Contributors: Samuel Mohebban and Michael Wang
import matplotlib.pyplot as plt
import pandas as pd
import seaborn as sns
import scipy.stats as sci
import numpy as np
If a company is trying to enter the movie industry or create their first film, they must consider budget. Considering movies do not have unlimited budget, you can approach this problem using a risk analaysis for each Genre.
Presentation
-
data.zip --> Contains MovieLens and TMBD DataSets
-
UsedData--> Contains Clean Data Used For Plotting
-
Notebooks --> Contains Plotting + Parsing Functions
- TechnicalNotebook.ipynb --> contains all main functions path
- Use existing data from MovieLens and TMBD to determine if there is a difference in risk between genres
- Risk is defined as the standard deviation divided by the mean
- Determine correlations between profit and budget within each genre
- Understand the distribution within each genre and whether there is noise in our dataset
Looking at the scatter plot, we see a high correlation between budget and profit; which was expected. As a movie spends more money on production, they overall profit will also increase. However, looking at the correlations alone do not tell us the distribution between genres, and whether there is any noise.
Strong Correlation
- Adventure
- Thriller
- Crime
Moderate Correlation
- Drama
- Fantsay
Looking at the box plot we see that genres such as Action, Comedy, Fantasy, Animation, and Adventure show a favorable success rate, as a majority tend to fall above the median profit.
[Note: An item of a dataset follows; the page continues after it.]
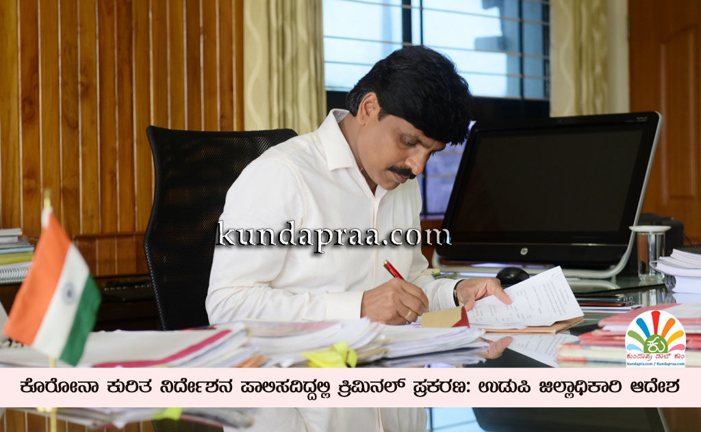 ಆದರೆ ಜಿಲ್ಲೆಯ ನಾಗರೀಕರು ಈ ಆದೇಶಗಳನ್ನು ಉಲ್ಲಂಘನೆ ಮಾಡುತ್ತಿರುವುದು ವರದಿಯಾಗುತ್ತಿದ್ದು, ಇಂತಹ ಪ್ರಕರಣಗಳನ್ನು ನಿಯಂತ್ರ್ರಿಸುವ ಅವಶ್ಯಕತೆಯಿರುವುದರಿಂದ, ಕಾನೂನು ಕ್ರಮ ಕೈಗೊಳ್ಳುವ ಅವಶ್ಯಕತೆಯಿದ್ದು, ಸಿ.ಆರ್.ಪಿ.ಸಿ ಆದೇಶ ಮತ್ತು ಕೋವಿಡ್ ರೋಗವನ್ನು ನಿಯಂತ್ರಿಸಲು ಹೊರಡಿಸಲಾಗಿರುವ ಇತರೇ ನಿರ್ದೇಶನಗಳನ್ನು ಪಾಲಿಸದೇ ಇದ್ದವರ ಮೇಲೆ, ಪೊಲೀಸ್ ಠಾಣೆಗಳಲ್ಲಿ ಕ್ರಿಮಿನಲ್ ಪ್ರಕರಣಗಳನ್ನು ದಾಖಲಿಸುವ ಅಧಿಕಾರವನ್ನು, ಕುಂದಾಪುರ ಉಪವಿಭಾಗಾಧಿಕಾರಿಗಳು, ಉಡುಪಿ, ಕಾಪು, ಬ್ರಹ್ಮಾವರ, ಕುಂದಾಪುರ, ಕಾರ್ಕಳ, ಬೈಂದೂರು, ಹೆಬ್ರಿ ತಹಸೀಲ್ದಾರ್ಗಳಿಗೆ ಪ್ರತ್ಯಾಯೋಜಿಸಿ ಜಿಲ್ಲಾಧಿಕಾರಿ ಜಿ.ಜಗದೀಶ್ ಆದೇಶ ಹೊರಡಿಸಿದ್ದಾರೆ.

However, this graph also shows that there is a lot of noise within the data, which may have affected our later risk analysis.
Here, we calculated a risk value for each genre by dividing the standard deviation of profits, over the mean profit. What this does is allow us to calculate the probability that a movie will deviate from the mean of its genre. Furthermore, a lower risk value is more favorable as it shows that the genre is less likely to deviate from its mean profit - being a safer pick.
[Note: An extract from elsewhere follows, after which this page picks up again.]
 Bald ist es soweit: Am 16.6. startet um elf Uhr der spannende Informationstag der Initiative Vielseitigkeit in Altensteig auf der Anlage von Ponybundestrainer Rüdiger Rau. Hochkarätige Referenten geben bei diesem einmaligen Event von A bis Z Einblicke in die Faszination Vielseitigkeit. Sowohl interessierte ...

In this graph, we can see that Comedy, Fantasy, Adventure, and Horror have low deviations in their mean budget price over time. This tells us that these genres have been able to perform at a constant rate using a baseline budget.
- (buy-in metrics are our minimum suggested production budgets for the genre) (% is the empirical success rate of ROI>0 for our dataset)
- For production budgets over $200,000,000 we suggest:
- Fantasy (~175m buy-in) (86.4% success rate)
- Adventure (~197m buy-in) (82.76% success rate)
- For production budgetary constraints at or under $200,000,000 we reccomend investing in:
- Horror (~$40m buy-in) (75.75% success rate)
- Animation (~$150m buy-in) (86.58% success rate)
- Comedy (~150m buy-in) (78.28% success rate)
- Data used contained movies from 1990-2017; more recent movies could have showed different results
- Many movies have unknown budgets, so they were ignored
- Within every popular movie genre, there are extreme outliers that may have contributed to exaggerated standard deviations.